Eight equally spaced holes appear on the very edge of the calendar. The Aztec placed horizontal sticks here and the shadows of the sticks would fall on the figures of the calendar; thus the stone also served as a sundial. The famous calendar stone is a brilliant combination of artistry and geometry. It reflects the Aztec understanding of time and space as wheels within wheels. The detailed surface of the stone combines the understanding of the gods the people had created over the centuries as well as their observations of the heavens.

There was more than one design for the Aztec calendars that dictated different aspects of their daily life.

Time was something that was not always just measured in minutes, hours and days to the Aztecs however they had different methods of tracking relative time for their society. The Xiuhpohualli (the counting of years) is one of these calendars as well as the Tonalpohualli (the counting of days) or thirteen- day period. Each of these was represented by a picture or image so that they could be recognized just as we recognize a clock or calendar.

Calendar 1

The Xiuhpohualli was the counting of the years. This calendar was kept on a 365-day solar count. This was also the agricultural and ceremonial calendar of the Aztec state. It was divided into 18 periods, with each period containing 20 days, called veintenas. This left five days that were not represented. These were called nemontemi. These were the five transition days between the old and the new year, and were considered days of nothing. This was a time of festivals. People came to the festivals with their best clothes on, and took part in singing and dancing. This is also when the priest would perform sacrifices, most of these sacrifices were human, but others were preformed on animals and fruit.

Calendar 2

The Tonalpohualli, considered the most sacred calendar, was the ‘counting of days.’ It originated by ancient peoples observing that the sun crossed a certain zenith point near the Mayan city of Copan, every 260 days. So this first system is arranged in a 260-day cycle. These 260 days were then broken up into 20 periods, with each period containing 13 days, called trecenas. Each period was given the name of something that was then shown by a hieroglyphic sign, and each trecena was given a number 1-13. Each trecena is also thought to have a god or deity presiding over each of the trecena. They kept these counts in tonalamatls, books made from bark paper. The Aztecs used this as a religious calendar. Priests used the calendar to determine luck days for such activities as sowing crops, building houses, and going to war.

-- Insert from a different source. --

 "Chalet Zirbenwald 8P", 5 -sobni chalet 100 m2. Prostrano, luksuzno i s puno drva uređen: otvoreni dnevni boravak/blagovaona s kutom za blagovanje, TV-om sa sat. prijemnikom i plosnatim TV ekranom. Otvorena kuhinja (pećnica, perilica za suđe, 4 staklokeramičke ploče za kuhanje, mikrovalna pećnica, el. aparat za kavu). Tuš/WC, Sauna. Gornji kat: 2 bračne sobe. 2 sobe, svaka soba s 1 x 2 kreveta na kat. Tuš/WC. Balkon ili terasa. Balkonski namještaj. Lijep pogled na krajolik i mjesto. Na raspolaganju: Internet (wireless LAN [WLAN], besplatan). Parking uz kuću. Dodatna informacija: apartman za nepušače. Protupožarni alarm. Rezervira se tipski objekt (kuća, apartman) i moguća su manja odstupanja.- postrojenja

Every 52 years the Tonalpohualli and the Xiuhpohualli calendars would align.

This marked what was known as a Mesoamerican century. Every one of these centuries was marked by Xiuhmolpilli, the Binding Up of the Years or the New Fire Ceremony. This was a festival that lasted twelve days and included fasting as a symbol of penitence. At the beginning of this festival all the lights in the city were extinguished – people let their hearth fires go out.

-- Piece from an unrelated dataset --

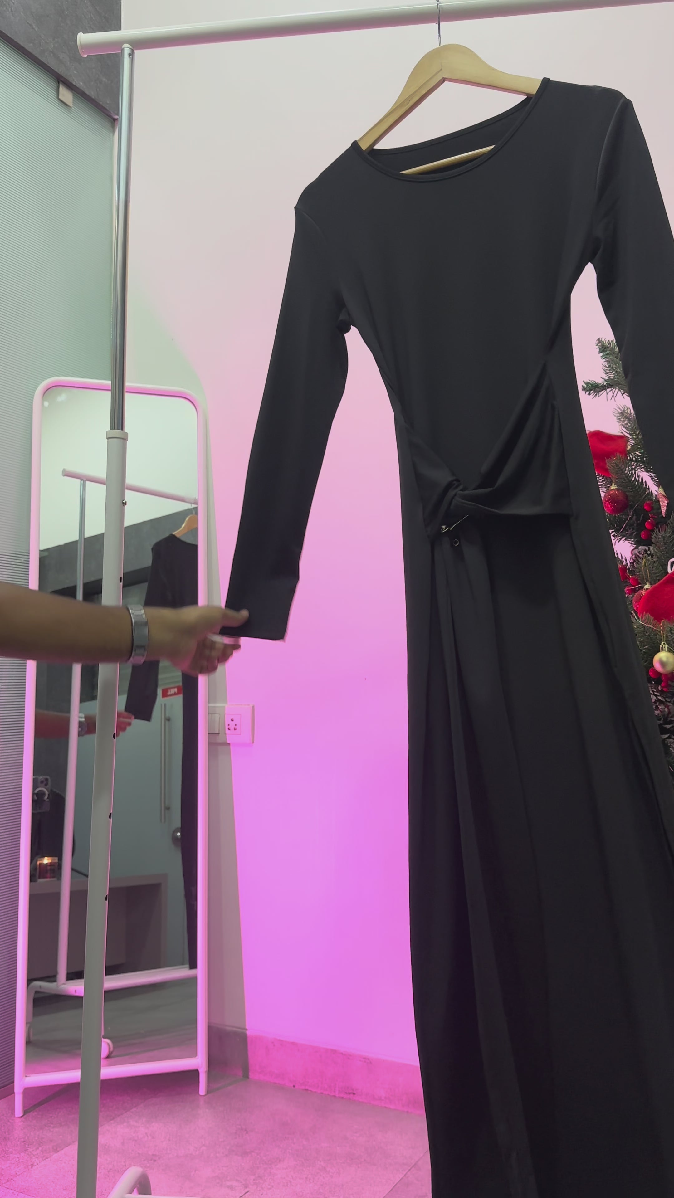 Elegant floor-length gown with fish-cut silhouette & waist belt. Perfect for parties & special events.

Then on midnight of the 12th day of the festival, a prisoner was taken to the priest. The priest would watch in the night sky for the star of fire to reach the zenith. Once it did, the priest would remove the heart of this man, and replace it with a piece of wood, that was laid on a piece of turquoise. This is where the priest would start the new fire that would once again light the city.